Or install in development mode:

pip install -e ".[dev]"

Quick start

from treehopper import hopper

# X is your data matrix: (n_samples, n_features)
h = hopper(X)
sketch = h.hop(1000)       # indices of 1000 sketch points
X_small = X[sketch, :]     # the subsampled data

Additional points can be added incrementally by calling h.hop() again.

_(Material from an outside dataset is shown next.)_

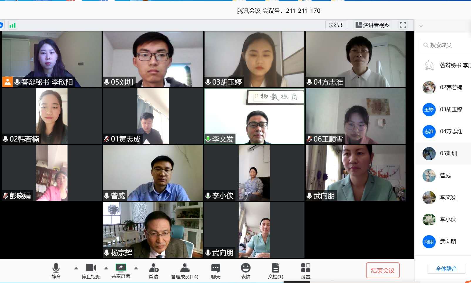 当天,根据学校疫情防控总要求和研究生处《关于做好2020届研究生毕业及学位授予工作的通知》的安排部署,6名未返校的法律硕士研究生参加了线上论文答辩会。中南政法大学教授杨宗辉担任答辩委员会主席,李小侠副教授、武向朋副教授、彭晓娟副教授、曾威博士担任答辩委员会委员。黄志成、方志淮、胡玉婷、韩若楠、刘圳、王顺雪6名同学均顺利通过学位论文答辩。
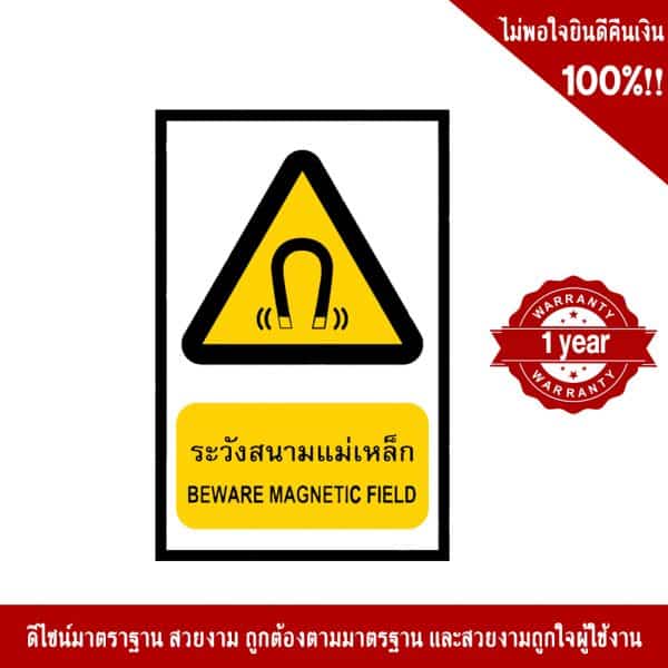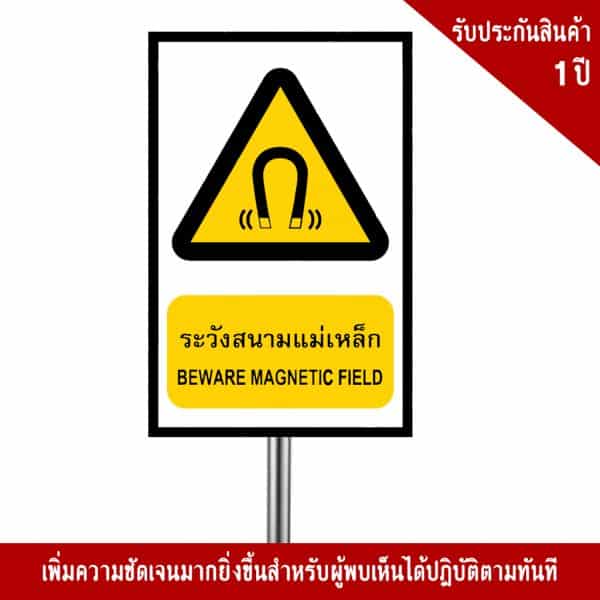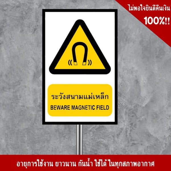 - ป้ายระวังสนามแม่เหล็ก อลูมิเนียม หนา 1.2 mm. 20×30 Cm. 3M Safety Grade (รับประกัน 1 ปี)

The full sketch is stored in h.path.

Attributes

Attribute Description
h.path Row indices of sketch points (traversal order)
h.path_inds External index labels of sketch points
h.rs Covering radius after each hop
h.times Cumulative wall-clock time after each hop
h.vcells Voronoi cell assignment for every input point

Call h.get_vdict() to obtain a dictionary mapping each sketch point index to the indices of its Voronoi cell members.

Treehopper for larger datasets

hopper.hop() takes time proportional to the dataset size per hop. For large datasets, treehopper reduces runtime by pre-partitioning the data and running a hopper within each partition:

from treehopper import treehopper, PCATreePartition

th = treehopper(X, partition=PCATreePartition, max_partition_size=500)
sketch = th.hop(10000)

The max_partition_size parameter controls the time-performance tradeoff (runtime scales linearly with it).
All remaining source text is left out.